Directions:
Nothing outside the range is to be copied. From the entries below, reproduce exactly the lines starting at the one with "會場熱鬧的很,步道的啟用典禮" and ending at the one with "酒红色220g重磅t恤男潮牌夏季纯棉平安喜乐短袖美式复古高街半袖", without pictures.

Recorded information:
►
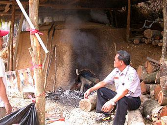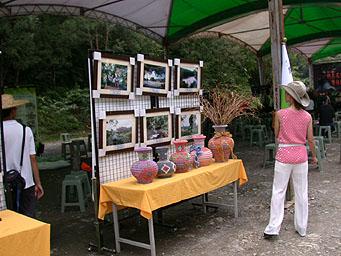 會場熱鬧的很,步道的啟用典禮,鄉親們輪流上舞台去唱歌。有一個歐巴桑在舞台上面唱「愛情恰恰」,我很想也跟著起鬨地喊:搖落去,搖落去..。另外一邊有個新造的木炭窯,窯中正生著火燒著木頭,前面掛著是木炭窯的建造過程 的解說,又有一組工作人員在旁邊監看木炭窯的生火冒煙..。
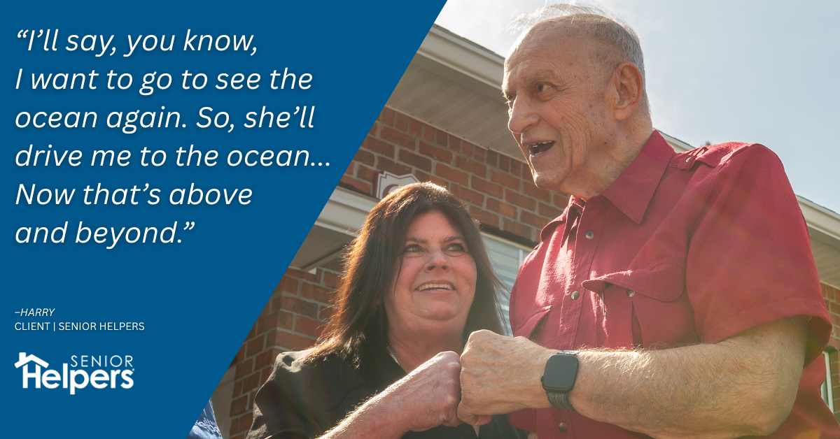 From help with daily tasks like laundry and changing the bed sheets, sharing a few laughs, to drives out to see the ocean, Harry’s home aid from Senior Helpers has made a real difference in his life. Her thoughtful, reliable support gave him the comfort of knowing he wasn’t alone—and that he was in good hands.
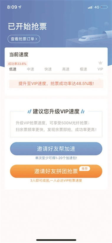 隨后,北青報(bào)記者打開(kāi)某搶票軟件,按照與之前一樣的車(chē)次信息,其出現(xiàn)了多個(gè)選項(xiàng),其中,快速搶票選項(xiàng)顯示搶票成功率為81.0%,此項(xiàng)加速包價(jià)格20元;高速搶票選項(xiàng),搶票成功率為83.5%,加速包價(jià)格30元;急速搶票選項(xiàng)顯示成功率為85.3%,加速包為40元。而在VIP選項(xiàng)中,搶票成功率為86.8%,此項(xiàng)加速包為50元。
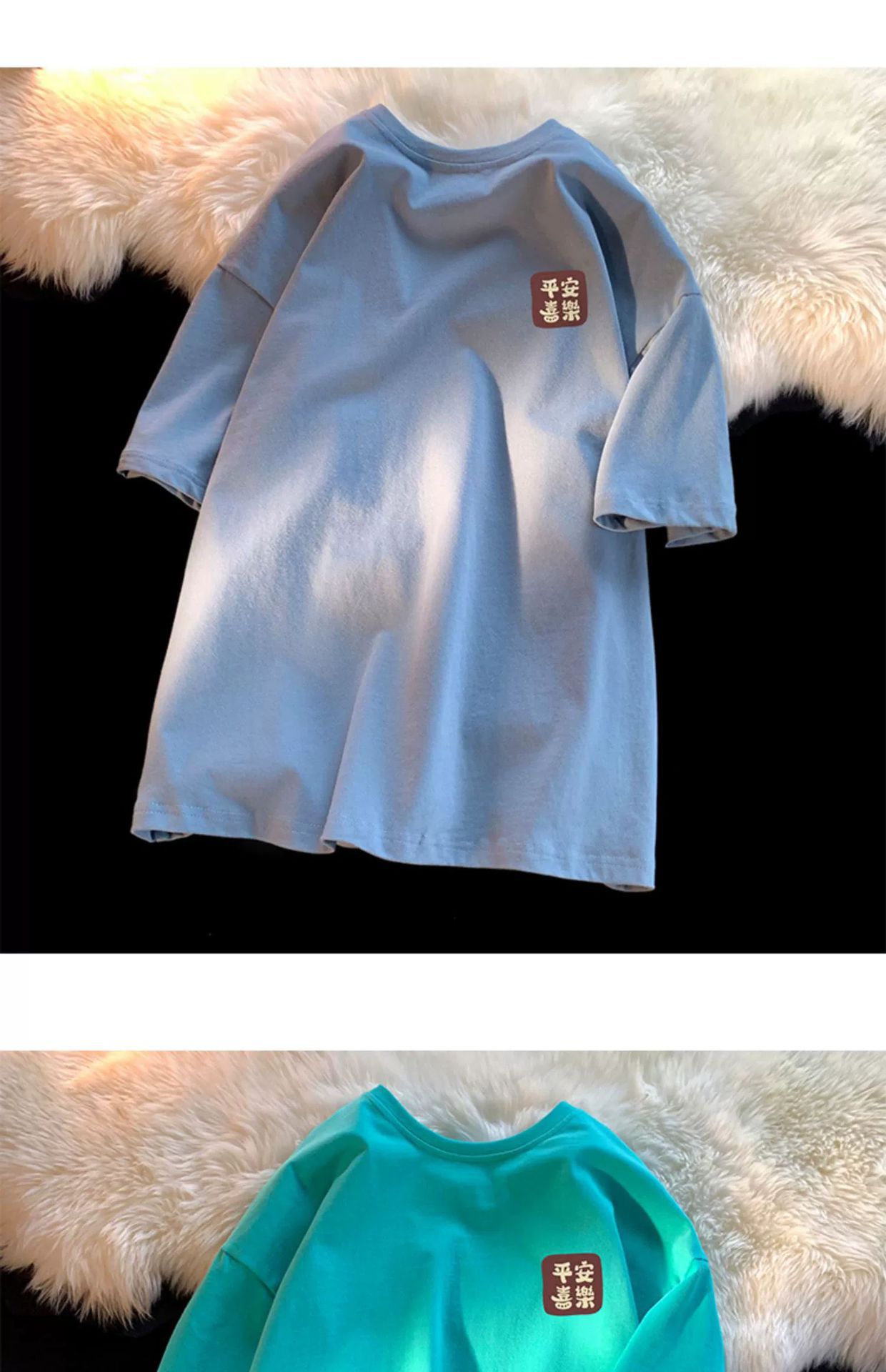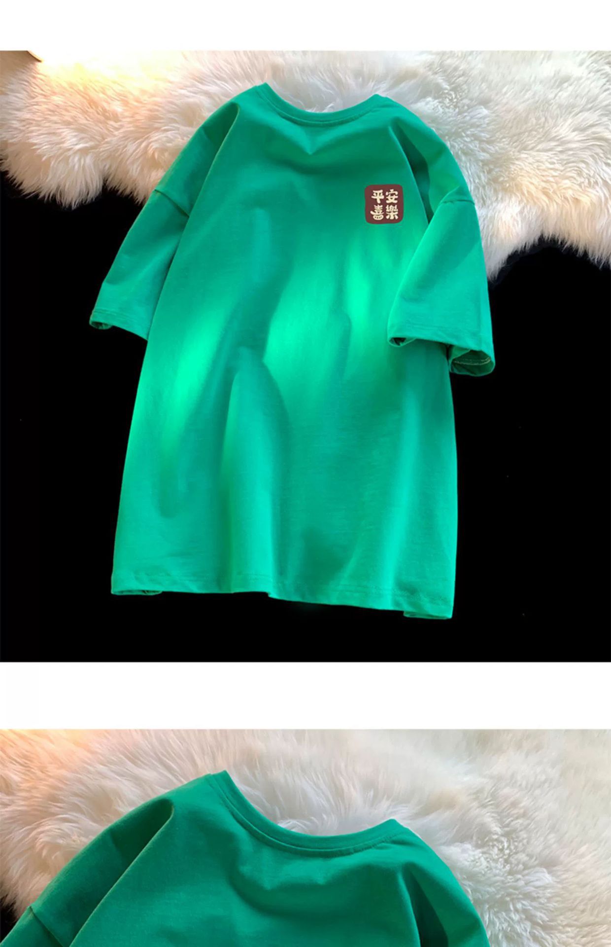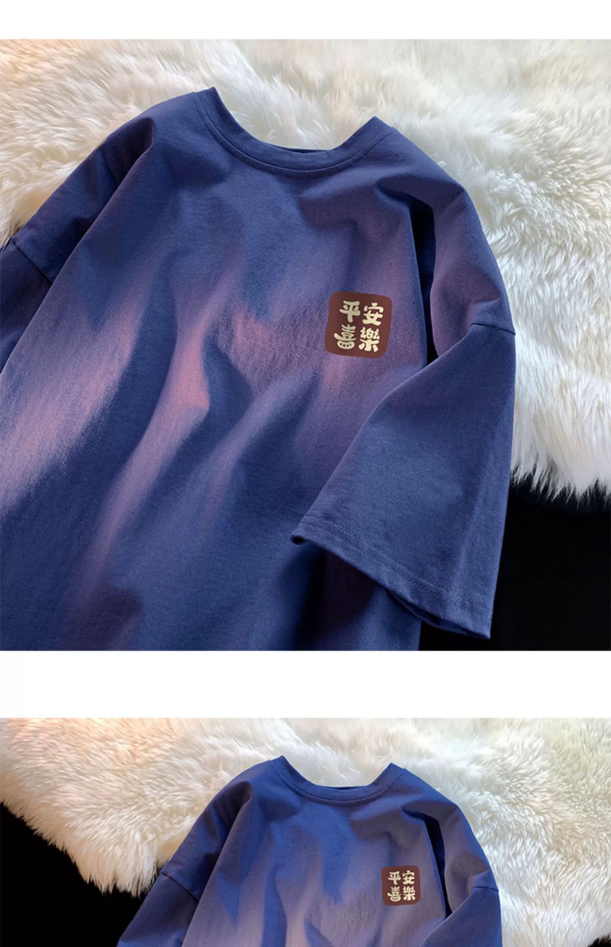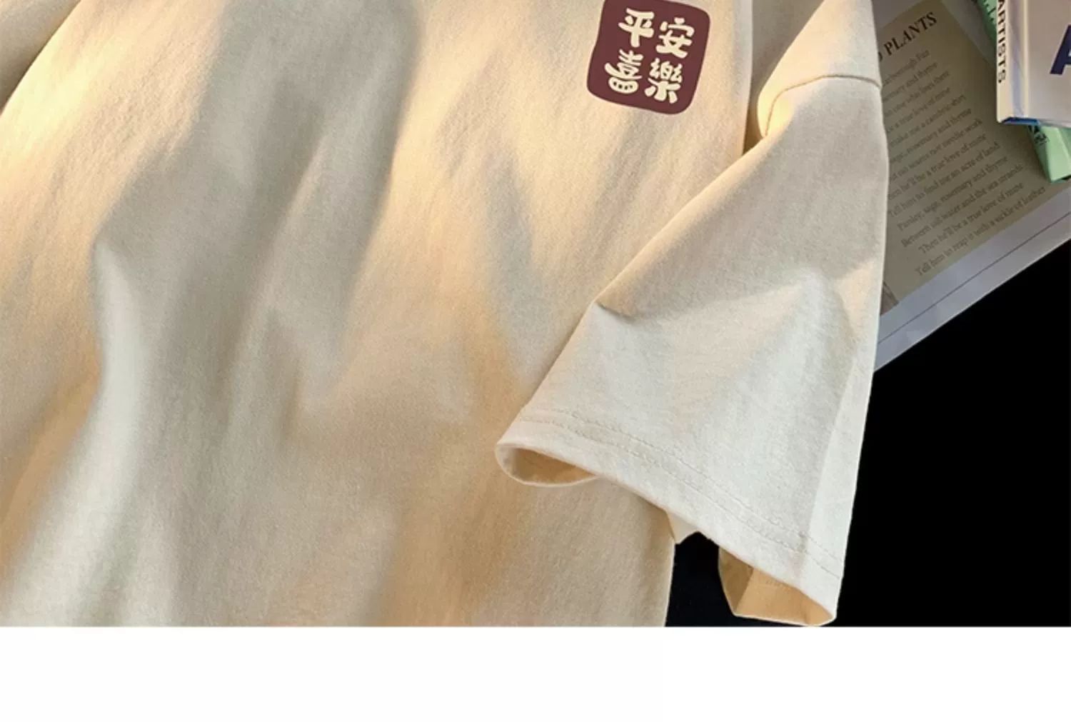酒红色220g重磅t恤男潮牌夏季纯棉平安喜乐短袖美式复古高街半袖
◄
►
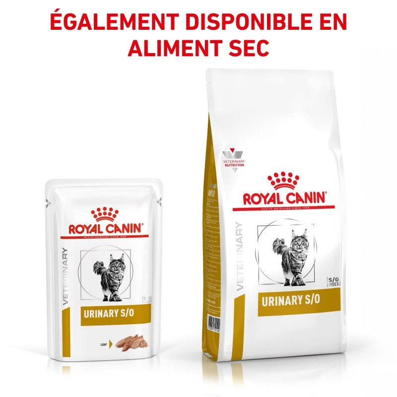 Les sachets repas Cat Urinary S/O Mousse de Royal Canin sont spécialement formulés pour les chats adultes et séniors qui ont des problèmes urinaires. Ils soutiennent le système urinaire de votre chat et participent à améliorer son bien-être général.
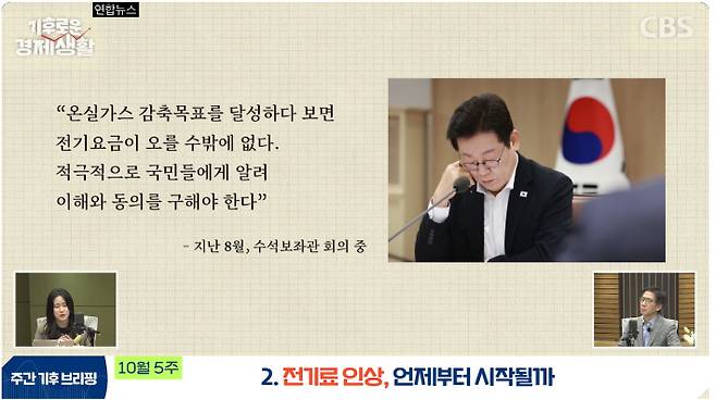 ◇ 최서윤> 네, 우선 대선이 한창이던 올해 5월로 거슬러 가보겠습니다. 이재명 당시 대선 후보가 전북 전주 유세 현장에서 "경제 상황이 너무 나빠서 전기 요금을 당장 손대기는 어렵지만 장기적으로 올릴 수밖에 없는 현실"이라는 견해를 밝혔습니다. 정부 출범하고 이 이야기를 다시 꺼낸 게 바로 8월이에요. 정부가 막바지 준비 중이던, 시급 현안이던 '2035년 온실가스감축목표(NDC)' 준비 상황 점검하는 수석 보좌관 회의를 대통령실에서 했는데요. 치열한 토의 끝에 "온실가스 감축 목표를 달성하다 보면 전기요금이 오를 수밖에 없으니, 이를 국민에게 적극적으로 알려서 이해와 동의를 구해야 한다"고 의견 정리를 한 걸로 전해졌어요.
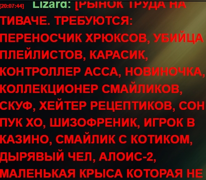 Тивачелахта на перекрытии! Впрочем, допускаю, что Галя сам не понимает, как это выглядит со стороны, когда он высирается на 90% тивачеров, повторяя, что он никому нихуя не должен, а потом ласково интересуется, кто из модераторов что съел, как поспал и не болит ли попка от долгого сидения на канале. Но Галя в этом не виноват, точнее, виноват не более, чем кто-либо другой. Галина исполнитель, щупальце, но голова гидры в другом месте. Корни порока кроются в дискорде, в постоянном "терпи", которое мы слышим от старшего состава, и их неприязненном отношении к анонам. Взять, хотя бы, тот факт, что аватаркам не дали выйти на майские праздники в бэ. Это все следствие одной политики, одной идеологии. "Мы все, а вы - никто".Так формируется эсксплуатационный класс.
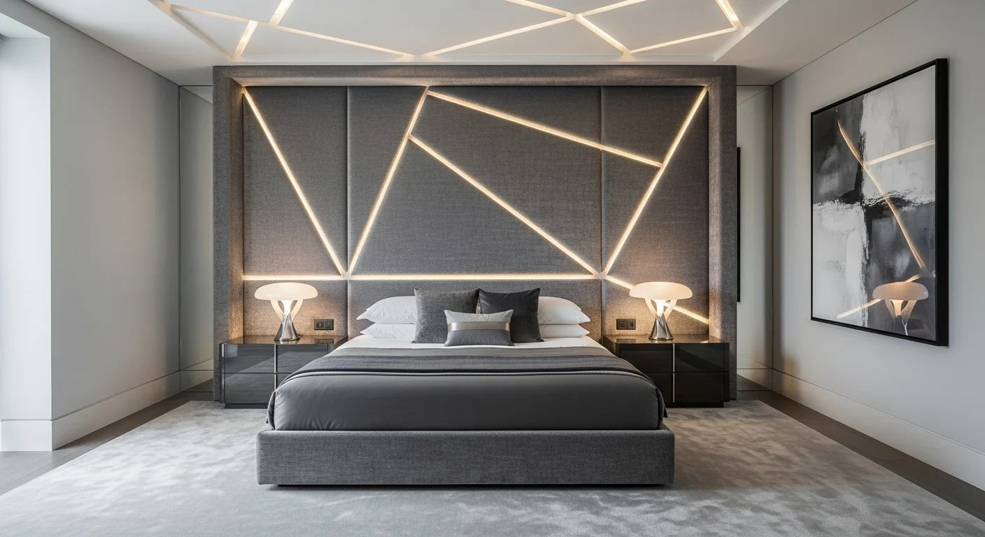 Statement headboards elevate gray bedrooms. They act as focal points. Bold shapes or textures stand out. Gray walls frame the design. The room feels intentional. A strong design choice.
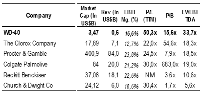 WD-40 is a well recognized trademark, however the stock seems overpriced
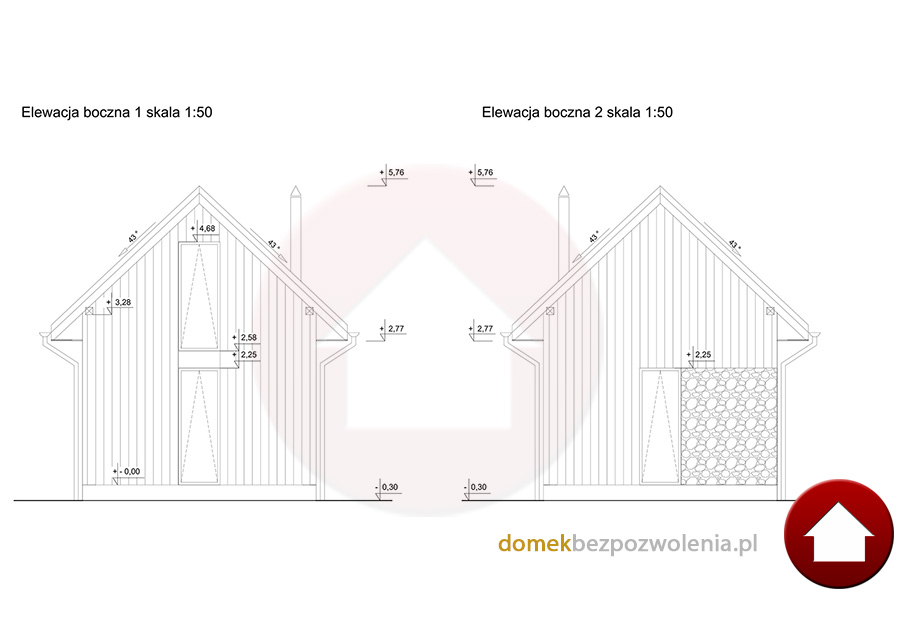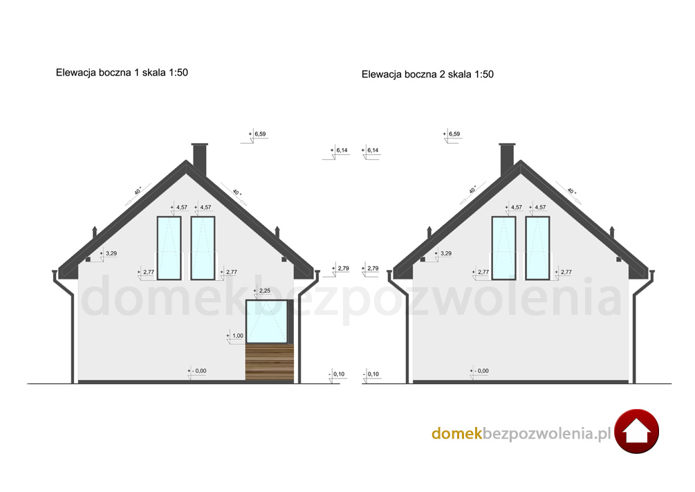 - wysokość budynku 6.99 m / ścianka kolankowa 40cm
◄
Result:
 會場熱鬧的很,步道的啟用典禮,鄉親們輪流上舞台去唱歌。有一個歐巴桑在舞台上面唱「愛情恰恰」,我很想也跟著起鬨地喊:搖落去,搖落去..。另外一邊有個新造的木炭窯,窯中正生著火燒著木頭,前面掛著是木炭窯的建造過程 的解說,又有一組工作人員在旁邊監看木炭窯的生火冒煙..。
 From help with daily tasks like laundry and changing the bed sheets, sharing a few laughs, to drives out to see the ocean, Harry’s home aid from Senior Helpers has made a real difference in his life. Her thoughtful, reliable support gave him the comfort of knowing he wasn’t alone—and that he was in good hands.
 隨后,北青報(bào)記者打開(kāi)某搶票軟件,按照與之前一樣的車(chē)次信息,其出現(xiàn)了多個(gè)選項(xiàng),其中,快速搶票選項(xiàng)顯示搶票成功率為81.0%,此項(xiàng)加速包價(jià)格20元;高速搶票選項(xiàng),搶票成功率為83.5%,加速包價(jià)格30元;急速搶票選項(xiàng)顯示成功率為85.3%,加速包為40元。而在VIP選項(xiàng)中,搶票成功率為86.8%,此項(xiàng)加速包為50元。
酒红色220g重磅t恤男潮牌夏季纯棉平安喜乐短袖美式复古高街半袖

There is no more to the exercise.